• **PROBLEM TO WORK ON**: Having located the line with "Красное сердце на желтом фоне", print it and each remaining line exactly, stopping at the end of the material and omitting pictures.

• **GIVEN MATERIAL**:
- Opening Delimiter -
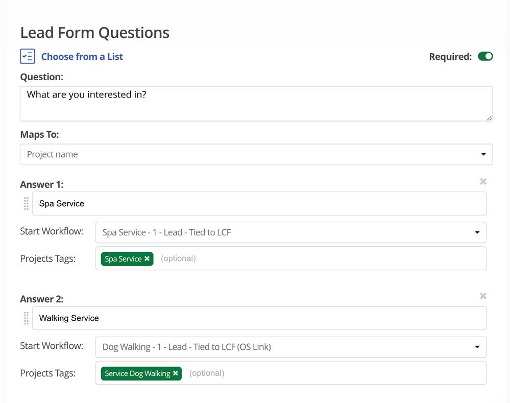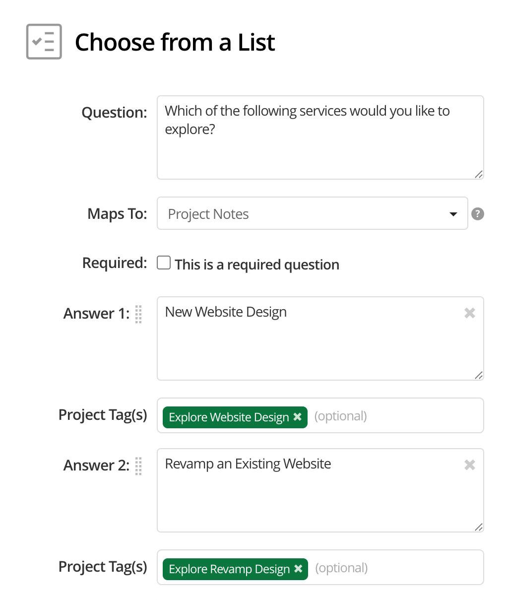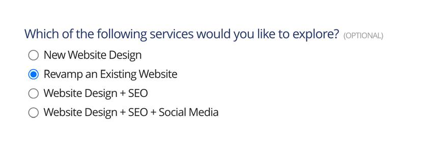 Example: A new lead completes a Lead Capture Form for a website designer. The vetting Questionnaire asks the following question: “Which of the following services would you like to explore?”
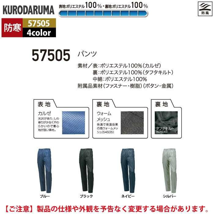 作業服 作業着 クロダルマ 作業服 防寒着 秋冬用 57505 パンツ M-LL
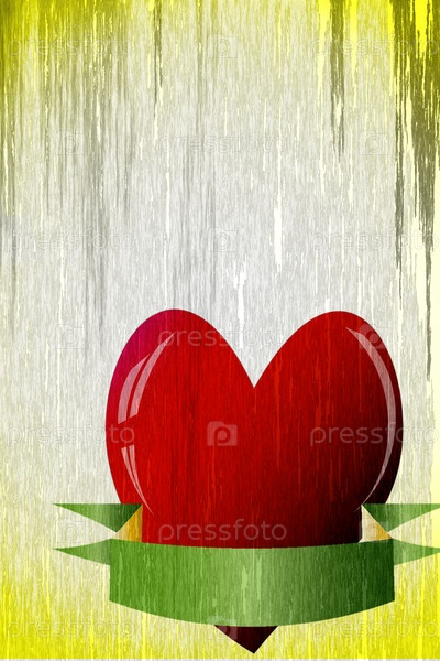 Красное сердце на желтом фоне
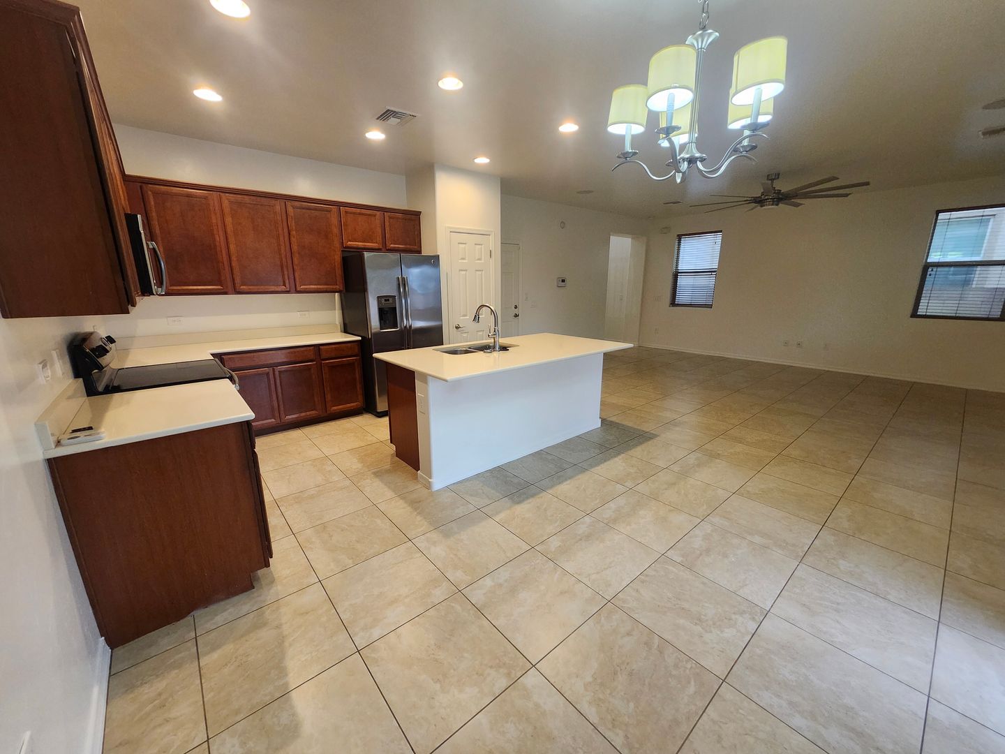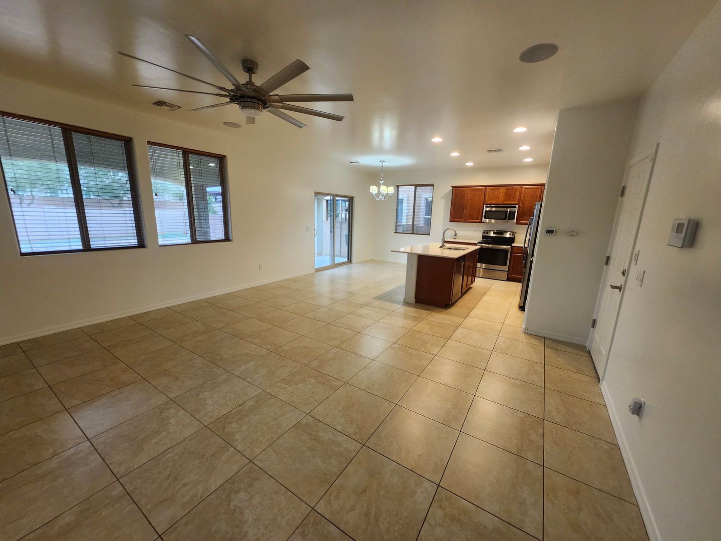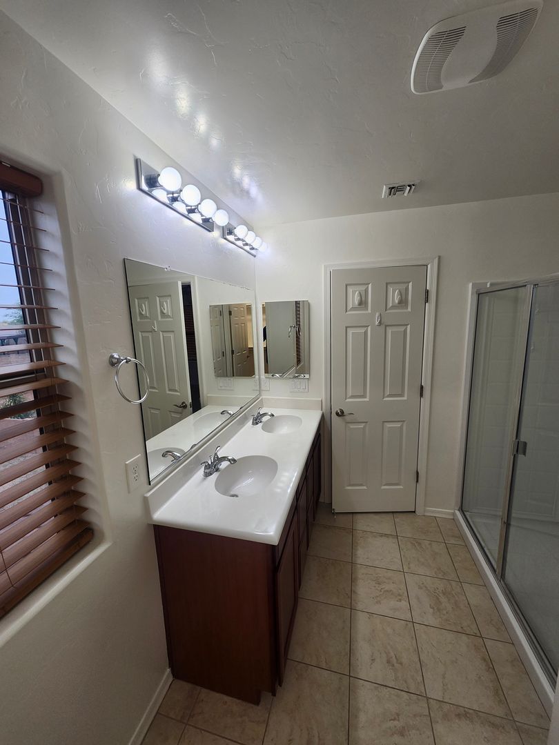 Modern and contemporary two-story D.R. Horton home located in the award-winning Vail School District. Freshly painted, this well-designed floor plan offers 3 bedrooms, 2.5 bathrooms, and a spacious loft—perfect for a home office, media room, or additional living space. Enjoy 20” tile flooring throughout the entire first floor and all wet areas upstairs, complemented by elegant 9-foot ceilings and an impressive 8-foot front entry door. The kitchen features rich dark wood cabinetry, a large center island, and stainless steel appliances, ideal for everyday living and entertaining. The upstairs primary suite includes dual sinks, a walk-in shower, and a generous walk-in closet. Step outside to a covered back patio for outdoor relaxation. Conveniently located with easy access to I-10 and close to all that Tucson has to offer. We do a credit, background and rental history check on all applicants, anyone over 18 must apply. Please call Daniel with questions or to schedule a showing. 520-777-6507 ext. 5 - Tucsonterritorypm.com for applications and walk thru video- please read thoroughly before applying. Tucson Territory represents the Owner of the property.
- Closing Delimiter -
• **EXERCISE ANSWER**:
 Красное сердце на желтом фоне
 Modern and contemporary two-story D.R. Horton home located in the award-winning Vail School District. Freshly painted, this well-designed floor plan offers 3 bedrooms, 2.5 bathrooms, and a spacious loft—perfect for a home office, media room, or additional living space. Enjoy 20” tile flooring throughout the entire first floor and all wet areas upstairs, complemented by elegant 9-foot ceilings and an impressive 8-foot front entry door. The kitchen features rich dark wood cabinetry, a large center island, and stainless steel appliances, ideal for everyday living and entertaining. The upstairs primary suite includes dual sinks, a walk-in shower, and a generous walk-in closet. Step outside to a covered back patio for outdoor relaxation. Conveniently located with easy access to I-10 and close to all that Tucson has to offer. We do a credit, background and rental history check on all applicants, anyone over 18 must apply. Please call Daniel with questions or to schedule a showing. 520-777-6507 ext. 5 - Tucsonterritorypm.com for applications and walk thru video- please read thoroughly before applying. Tucson Territory represents the Owner of the property.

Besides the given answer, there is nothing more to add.